START DATA

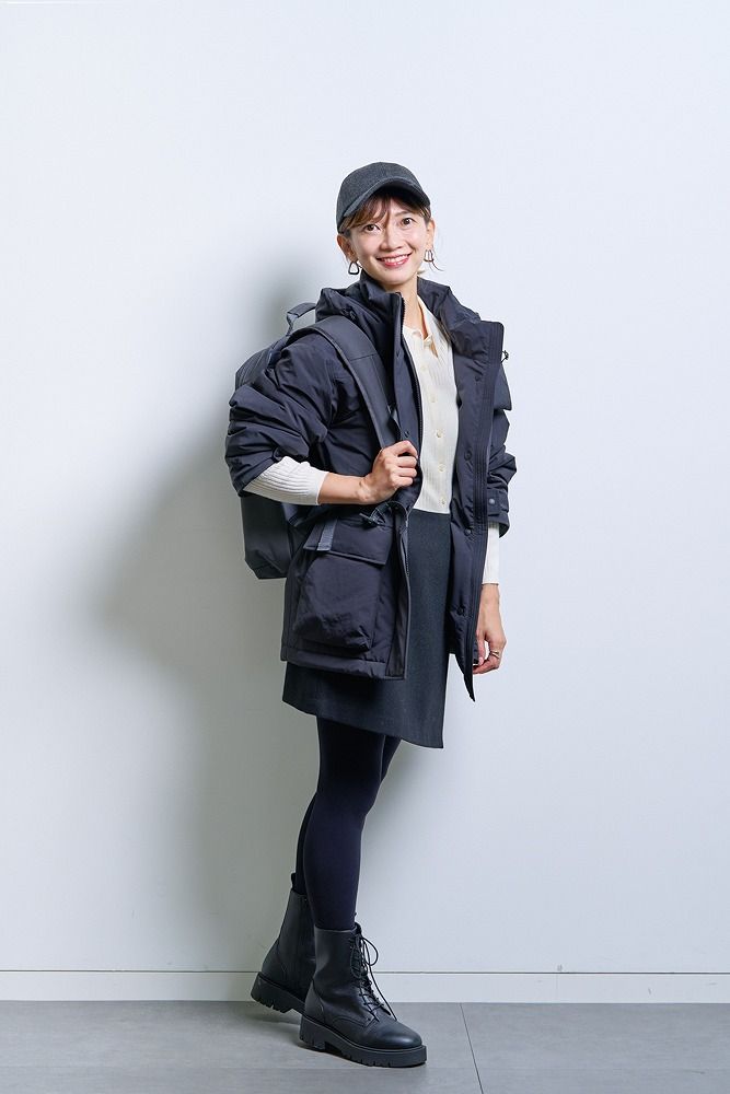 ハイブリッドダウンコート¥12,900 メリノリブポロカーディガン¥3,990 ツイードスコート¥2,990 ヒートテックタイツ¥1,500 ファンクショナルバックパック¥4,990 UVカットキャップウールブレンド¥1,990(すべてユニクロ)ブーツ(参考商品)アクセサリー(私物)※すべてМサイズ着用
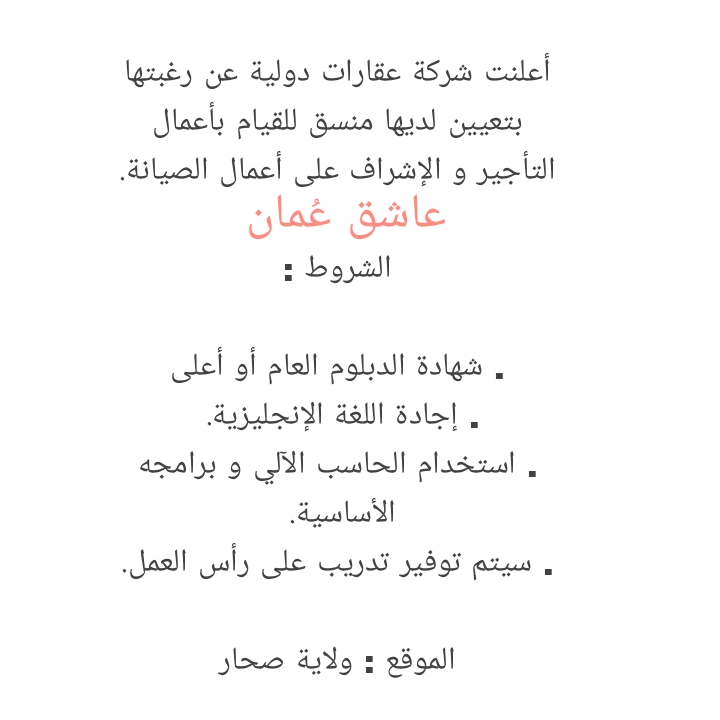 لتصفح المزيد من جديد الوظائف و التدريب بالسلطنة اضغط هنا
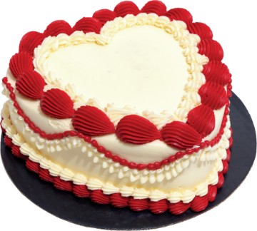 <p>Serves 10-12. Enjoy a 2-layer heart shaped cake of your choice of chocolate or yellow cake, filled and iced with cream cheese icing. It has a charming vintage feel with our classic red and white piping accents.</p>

END DATA

▶ **WHAT YOU NEED TO DO**
Write out an exact copy of the lines beginning at the line that contains "لتصفح المزيد من" and ending at the last line of the listing. Exclude pictures.

▶ **SOLUTION TO THE PROBLEM**
 لتصفح المزيد من جديد الوظائف و التدريب بالسلطنة اضغط هنا
 <p>Serves 10-12. Enjoy a 2-layer heart shaped cake of your choice of chocolate or yellow cake, filled and iced with cream cheese icing. It has a charming vintage feel with our classic red and white piping accents.</p>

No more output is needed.